#### [Task instructions]
Take the records below and set down exactly the lines from the one with "The Marineland Precision" to the one with "여성 가방 정품 가죽", ends included; do not copy the pictures.

#### [Data for this exercise]

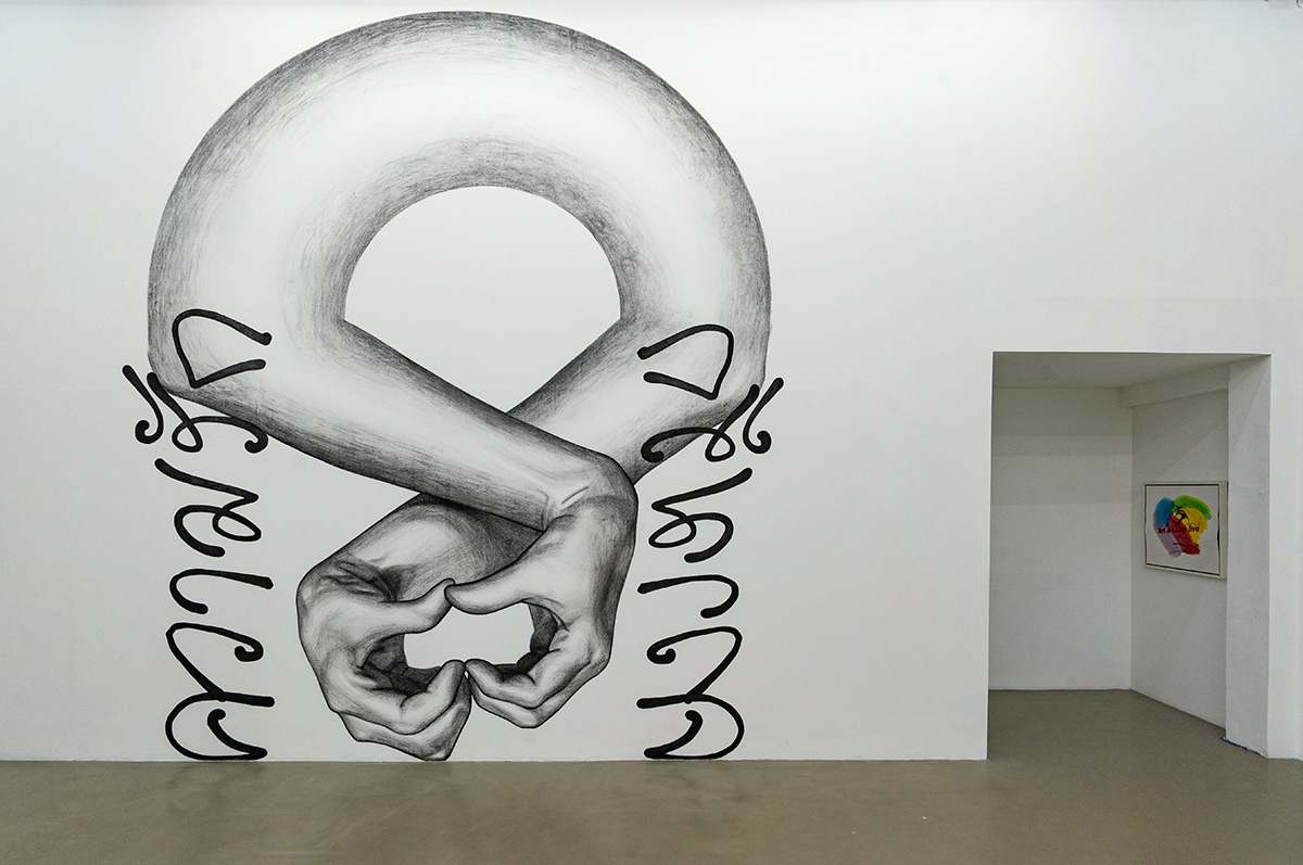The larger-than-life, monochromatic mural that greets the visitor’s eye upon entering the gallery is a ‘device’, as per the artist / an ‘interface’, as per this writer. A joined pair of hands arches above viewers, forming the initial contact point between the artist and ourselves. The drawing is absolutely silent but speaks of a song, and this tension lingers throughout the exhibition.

==

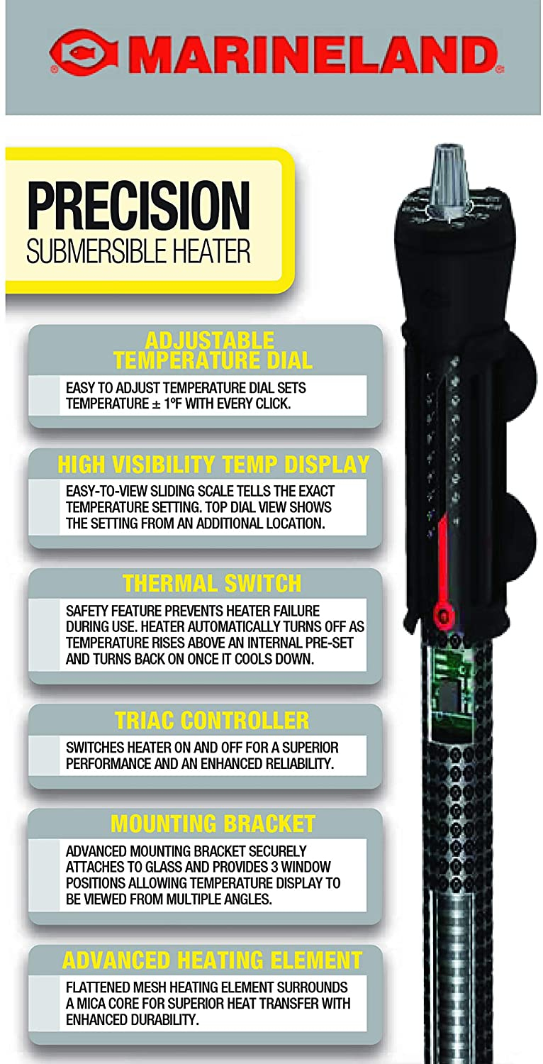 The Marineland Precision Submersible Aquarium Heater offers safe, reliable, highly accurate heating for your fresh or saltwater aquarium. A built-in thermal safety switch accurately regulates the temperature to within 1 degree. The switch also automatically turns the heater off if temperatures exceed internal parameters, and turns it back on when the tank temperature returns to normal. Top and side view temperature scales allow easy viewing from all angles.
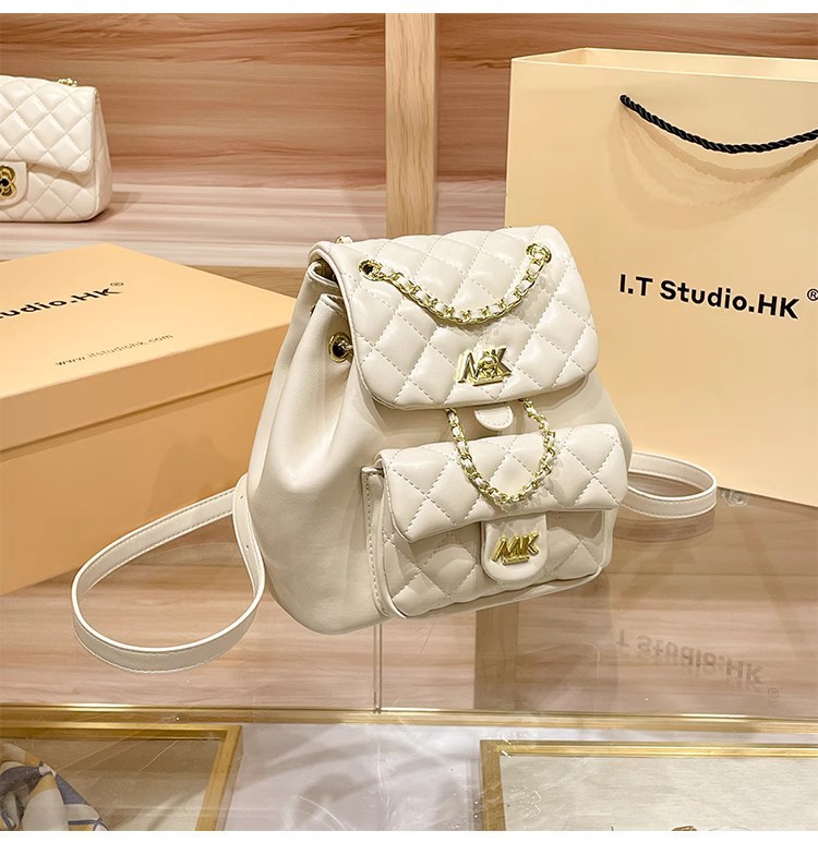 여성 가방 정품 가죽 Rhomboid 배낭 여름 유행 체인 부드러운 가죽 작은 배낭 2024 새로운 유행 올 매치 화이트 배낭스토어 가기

* * *

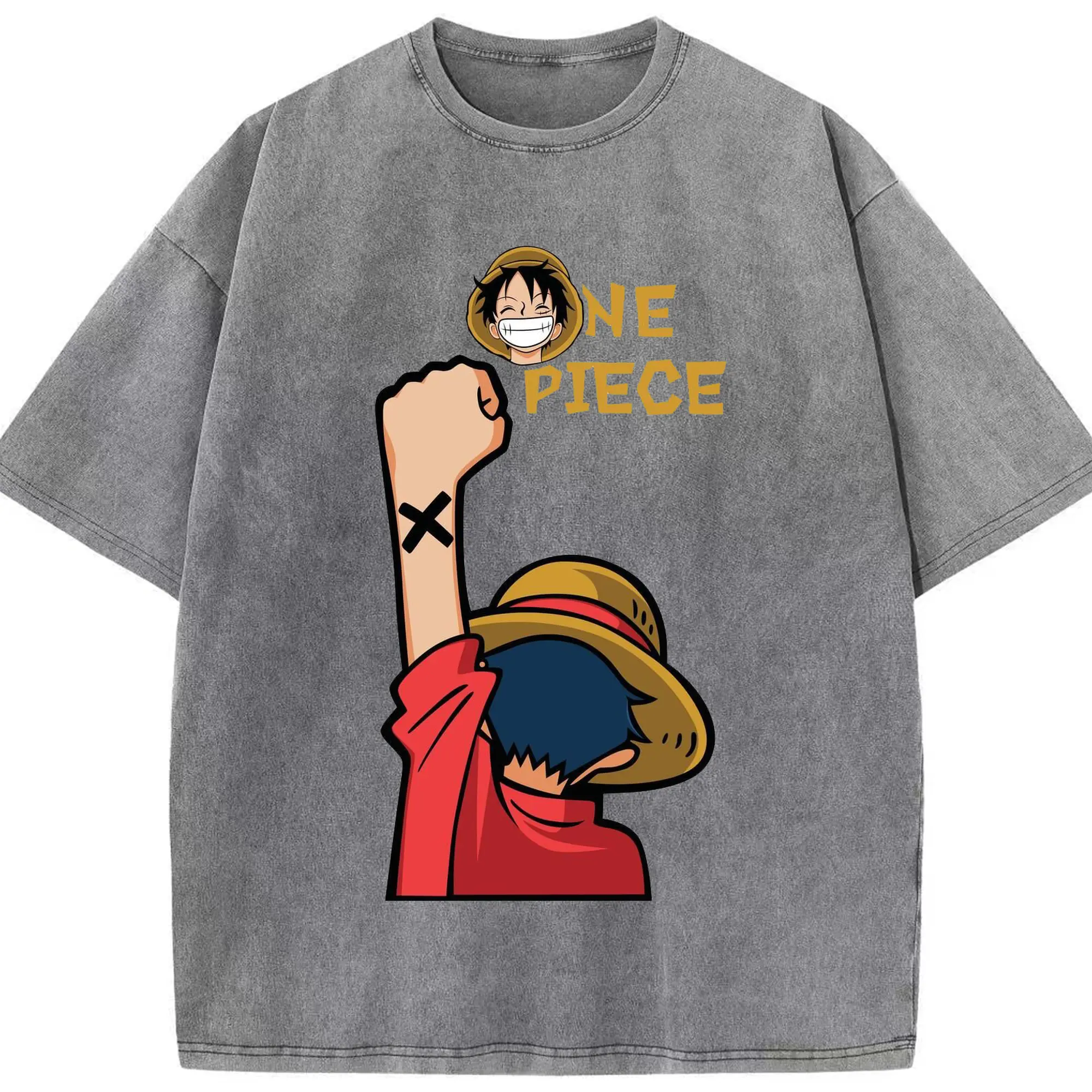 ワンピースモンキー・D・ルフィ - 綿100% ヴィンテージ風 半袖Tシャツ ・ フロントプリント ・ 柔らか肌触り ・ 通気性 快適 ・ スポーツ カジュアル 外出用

#### [Worked solution]
 The Marineland Precision Submersible Aquarium Heater offers safe, reliable, highly accurate heating for your fresh or saltwater aquarium. A built-in thermal safety switch accurately regulates the temperature to within 1 degree. The switch also automatically turns the heater off if temperatures exceed internal parameters, and turns it back on when the tank temperature returns to normal. Top and side view temperature scales allow easy viewing from all angles.
 여성 가방 정품 가죽 Rhomboid 배낭 여름 유행 체인 부드러운 가죽 작은 배낭 2024 새로운 유행 올 매치 화이트 배낭스토어 가기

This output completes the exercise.